§ **HOW TO COMPLETE THIS TASK**: Your output should be the complete listing, word for word, with no pictures in it.

§ **DATA**:
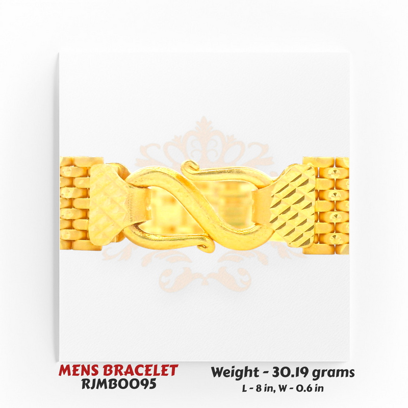 This handcrafted 22kt gold bracelet showcases a sophisticated mesh link pattern, blending strength and style for a timeless masculine look.
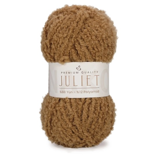 Nako Juliet 3418 Karamel rengi el örgü ipi, doğal ve sıcak tonuyla projelerinize zarafet katar. Kalın buklet dokusuyla, ekstra iplik karışımına gerek kalmadan şık ve sofistike örgüler yapmanıza olanak tanır.
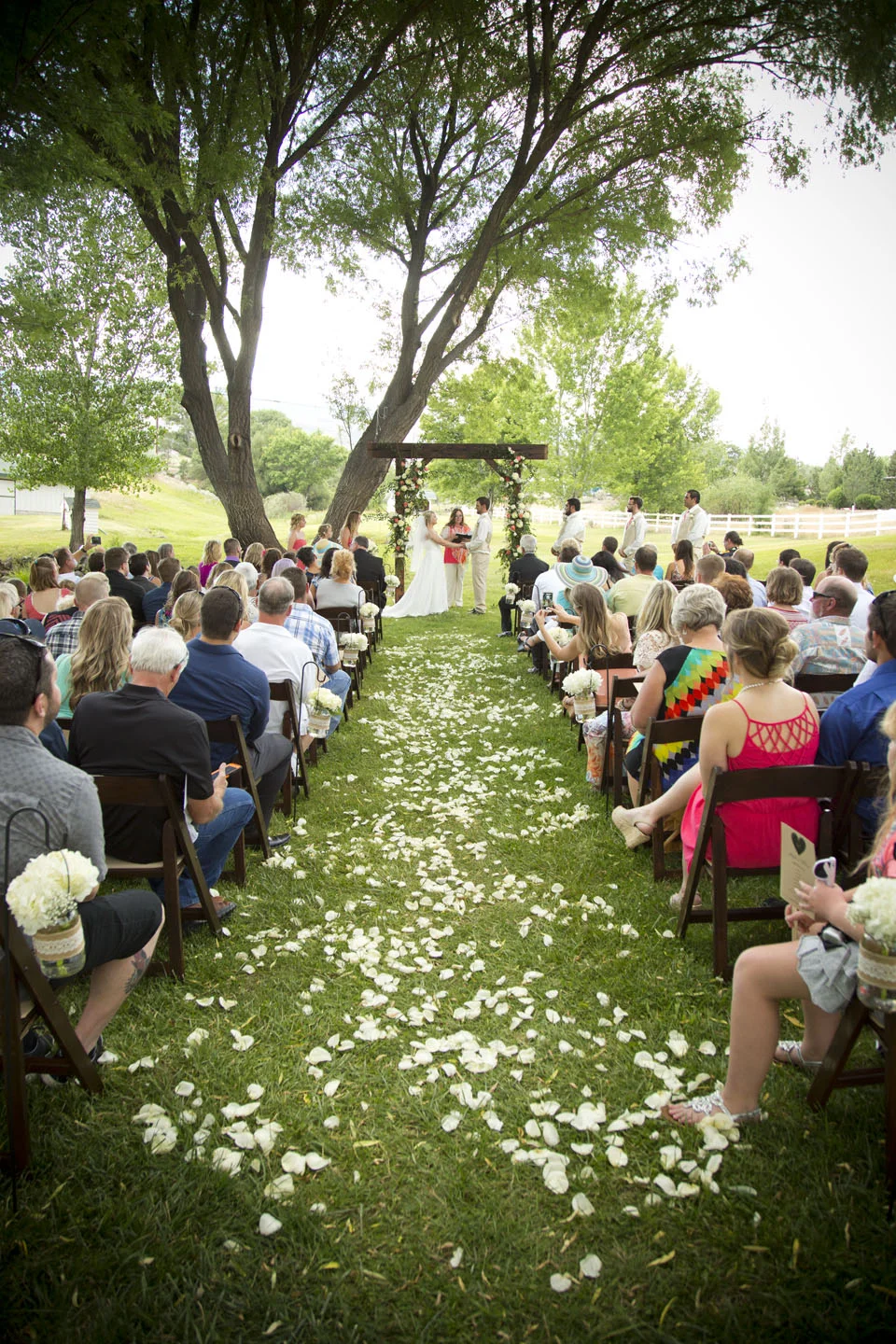 Tom and Resa's wedding was like a woodland fairy tale. The green and gold colors with the fairy tale theme made for a truly magical evening in one of my favorite places in Reno, Galena Creek Park. Resa was beside herself with happiness, giggling during the pictures and the ceremony. The sweetest part was when Resa's son walked her down the aisle and gave her away. Almost half of the guests were kids, which added to the fun and overall whimsical feeling of the wedding.

§ **SOLUTION TO THE PROBLEM**:
 This handcrafted 22kt gold bracelet showcases a sophisticated mesh link pattern, blending strength and style for a timeless masculine look.
 Nako Juliet 3418 Karamel rengi el örgü ipi, doğal ve sıcak tonuyla projelerinize zarafet katar. Kalın buklet dokusuyla, ekstra iplik karışımına gerek kalmadan şık ve sofistike örgüler yapmanıza olanak tanır.
 Tom and Resa's wedding was like a woodland fairy tale. The green and gold colors with the fairy tale theme made for a truly magical evening in one of my favorite places in Reno, Galena Creek Park. Resa was beside herself with happiness, giggling during the pictures and the ceremony. The sweetest part was when Resa's son walked her down the aisle and gave her away. Almost half of the guests were kids, which added to the fun and overall whimsical feeling of the wedding.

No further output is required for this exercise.